WHAT TO DO
Leave out the images and repeat the listing below without a single change.

GIVEN INFORMATION
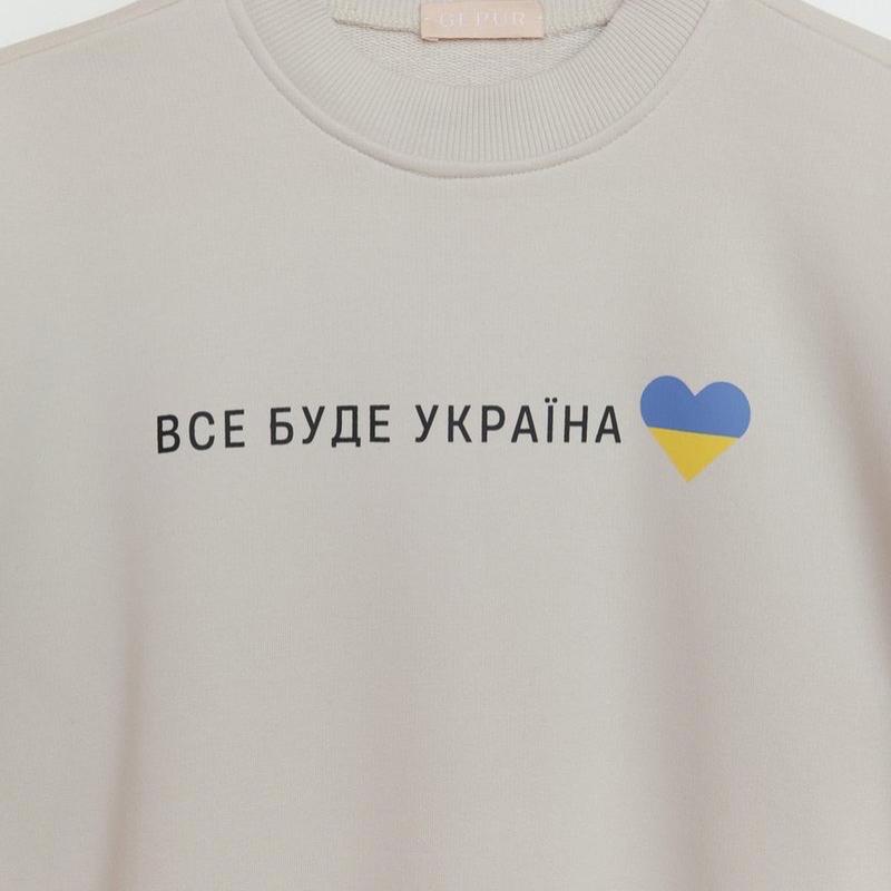 Бежевий світшот Ми вільні, сильні і єдині. Слава Україні! Оригінальний світшот від дизайнерів Gepur, прикрашений патріотичним принтом "Все буде Україна". В якості основного матеріалу була використана бавовняна тканина. Ціна 900 грн
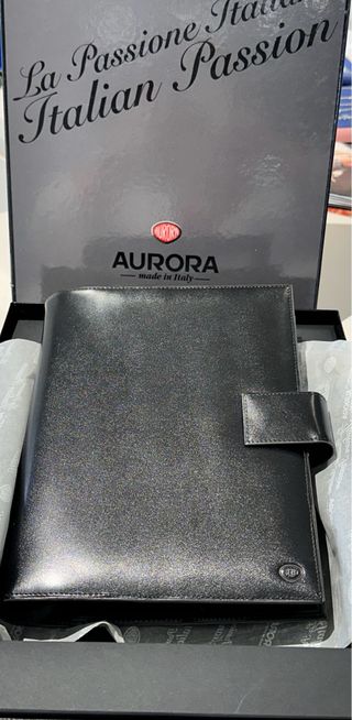 Elegante organizer in pelle nera, un accessorio di stile e praticità. - Design classico e raffinato. - Chiusura con linguetta. - Logo inciso sul fronte.
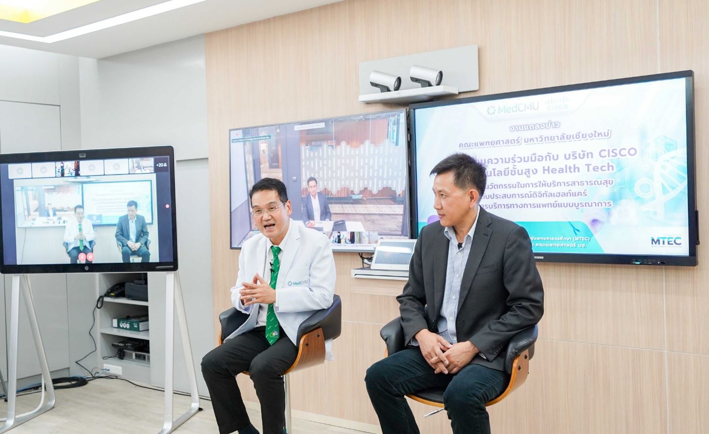 เชียงใหม่, ประเทศไทย, 9 กันยายน 2563 – คณะแพทยศาสตร์ มหาวิทยาลัยเชียงใหม่ สถาบันการแพทย์ชั้นนำระดับมาตรฐานสากล และบริษัท ซิสโก้ ซีสเต็มส์ ผู้นำทางด้านเทคโนโลยีอินเทอร์เน็ตระดับโลก ลงนามบันทึกข้อตกลงความร่วมมือทางวิชาการ (MOU) ภายใต้ “โครงการร่วมพัฒนานวัตกรรมด้านสาธารณสุขและเทคโนโลยีทางการแพทย์ (Med Tech Co-innovation)” เพื่อแลกเปลี่ยนองค์ความรู้ใหม่ทางวิชาการ และสนับสนุนเทคโนโลยีเพื่อการพัฒนาสาธารณสุขอย่างยั่งยืน สู่ความเป็นเลิศด้านการบริการทางการแพทย์ พร้อมยกระดับประสบการณ์ดิจิทัลเฮลท์แคร์ (Digital Healthcare Experience) โดยความร่วมมือระหว่างคณะแพทยศาสตร์ มหาวิทยาลัยเชียงใหม่และบริษัท ซิสโก้ ซีสเต็มส์ครั้งนี้มีจุดมุ่งหมายสำคัญดังนี้

WORKED SOLUTION
 Бежевий світшот Ми вільні, сильні і єдині. Слава Україні! Оригінальний світшот від дизайнерів Gepur, прикрашений патріотичним принтом "Все буде Україна". В якості основного матеріалу була використана бавовняна тканина. Ціна 900 грн
 Elegante organizer in pelle nera, un accessorio di stile e praticità. - Design classico e raffinato. - Chiusura con linguetta. - Logo inciso sul fronte.
 เชียงใหม่, ประเทศไทย, 9 กันยายน 2563 – คณะแพทยศาสตร์ มหาวิทยาลัยเชียงใหม่ สถาบันการแพทย์ชั้นนำระดับมาตรฐานสากล และบริษัท ซิสโก้ ซีสเต็มส์ ผู้นำทางด้านเทคโนโลยีอินเทอร์เน็ตระดับโลก ลงนามบันทึกข้อตกลงความร่วมมือทางวิชาการ (MOU) ภายใต้ “โครงการร่วมพัฒนานวัตกรรมด้านสาธารณสุขและเทคโนโลยีทางการแพทย์ (Med Tech Co-innovation)” เพื่อแลกเปลี่ยนองค์ความรู้ใหม่ทางวิชาการ และสนับสนุนเทคโนโลยีเพื่อการพัฒนาสาธารณสุขอย่างยั่งยืน สู่ความเป็นเลิศด้านการบริการทางการแพทย์ พร้อมยกระดับประสบการณ์ดิจิทัลเฮลท์แคร์ (Digital Healthcare Experience) โดยความร่วมมือระหว่างคณะแพทยศาสตร์ มหาวิทยาลัยเชียงใหม่และบริษัท ซิสโก้ ซีสเต็มส์ครั้งนี้มีจุดมุ่งหมายสำคัญดังนี้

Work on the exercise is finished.